The title WORDS ON BATHROOM WALLS refers to the hateful gossip about other students and teachers that sometimes can be found on school bathroom walls. Adam is afraid that, once Maya finds out about his schizophrenia, she will think much less of him and accept the mean words that the schoolchildren will write about him.
WORDS ON BATHROOM WALLS is extremely well acted. Charlie Plummer does a brilliant job depicting the hopes, fears, pain, doubt, desires, and madness of a young man dealing with schizophrenia. As his love interest, Taylor Russell turns in a very appealing performance. Charlie receives great incredible support from a talented veteran cast, including Andy Garcia as the priest, Molly Parker as the mother and Walton Goggins as the stepfather. The cast and crew deliver a vivid, poignant emotional journey of hope, pain, fear, and love.
The movie has a strong moral worldview that extols hope, compassion, love, honesty, and parental love. It also has a positive portrayal of a Catholic priest who tries to minister to Adam. He actually helps Adam two or three times in the movie, even though Adam tells the priest he doesn’t believe in God. Despite the movie’s positive ending, Adam doesn’t seem to change that opinion in the end, so some humanist and anti-Christian elements remain in the movie.
WORDS ON BATHROOM WALLS also has some foul language, including one or two “f” words. There are also a couple lewd references, brief political correctness and scary delusions that warrant strong caution.

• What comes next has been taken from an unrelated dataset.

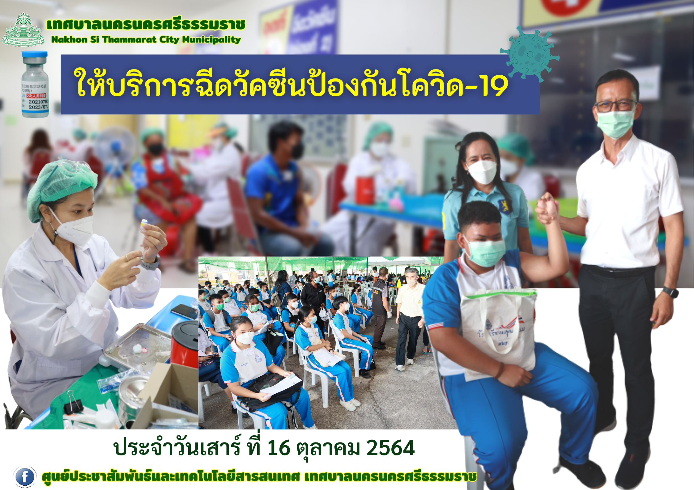 | เทศบาลนครนครศรีธรรมราช ให้บริการฉีดวัคซีนป้องกันโรคโควิด-19 ประจำวันเสาร์ ที่ 16 ตุลาคม 2564 วันเสาร์ ที่ 16 ตุลาคม 2564 ตั้งแต่เวลา 08.30 -16.00 น. ณ ศูนย์ OTOP สวนสาธารณะศรีธรรมาโศกราช ดร.กณพ เกตุชาติ นายกเทศมนตรีนครนครศรีธรรมราช พร้อมด้วยคณะผู้บริหาร  ลงพื้นที่ให้กำลังใจเจ้าหน้าที่ ผู้ปฏิบัติงาน ดำเนินการฉีดวัคซีนป้องกันโรคโควิด-19 |
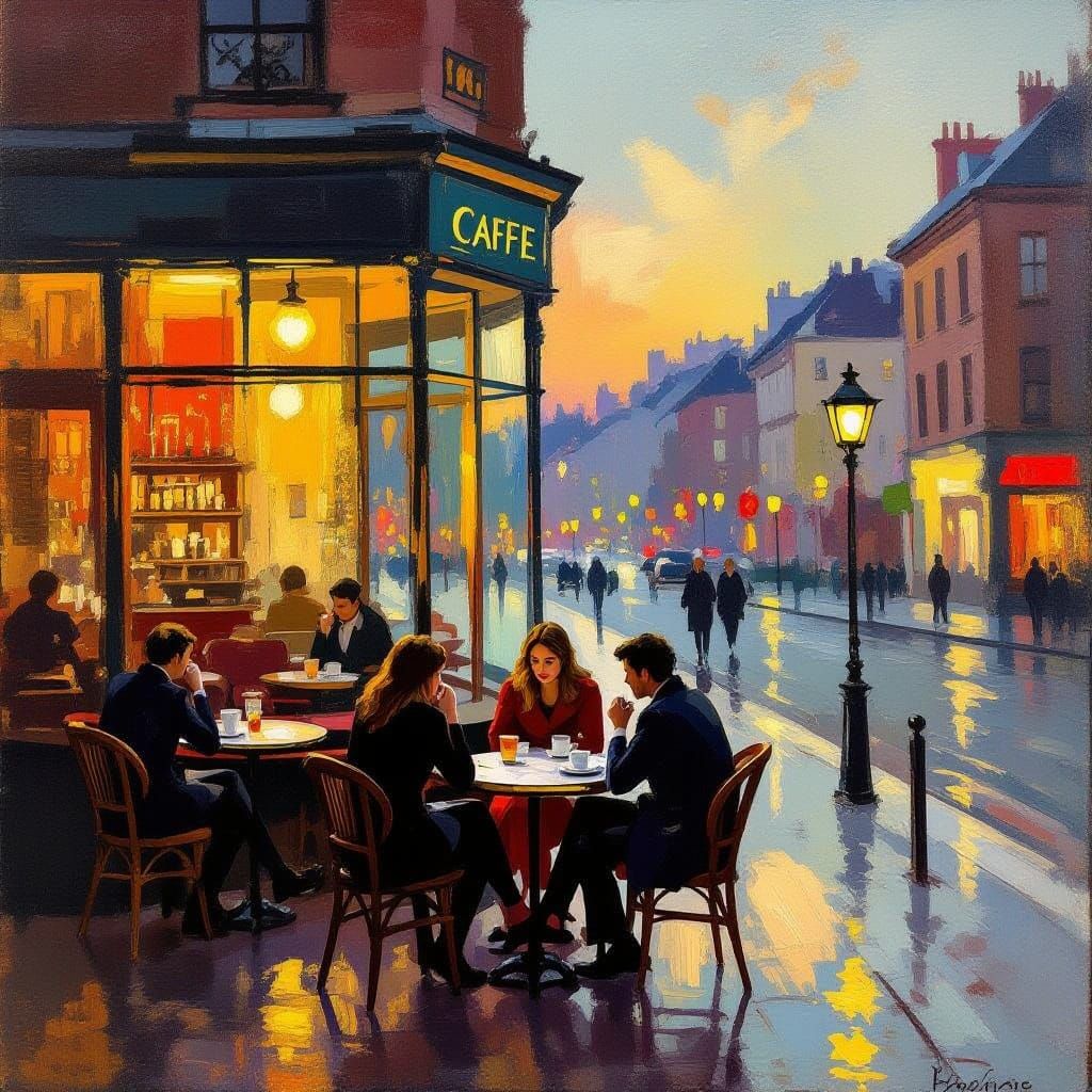 A cozy cafe scene at dusk, with soft golden light and intimate atmosphere, reminiscent of impressionist masterpieces with bold brushstrokes and vivid colors.

That said, the movie is a compassionate treatment of the problem of schizophrenia, a mental illness that often hits teenagers who are Adam’s age, or young adults in their twenties. Some may complain that the movie’s treatment of this problem is a little too slick, but a more gritty portrayal of the problem probably wouldn’t get the kind of broad audience toward which this movie is clearly aiming. The ending to WORDS ON BATHROOM WALLS is really good.
According Christian sources, discussing spiritual matters and biblical faith with schizophrenic patients can help them separate reality from fantasy. Loving support from family, friends and church is also vitally important. In addition, helping patients deal with substance abuse problems that often accompany this mental illness is invaluable. Offering to take patients to job and therapy appointments and reminding them to take their medication helps keep them on track.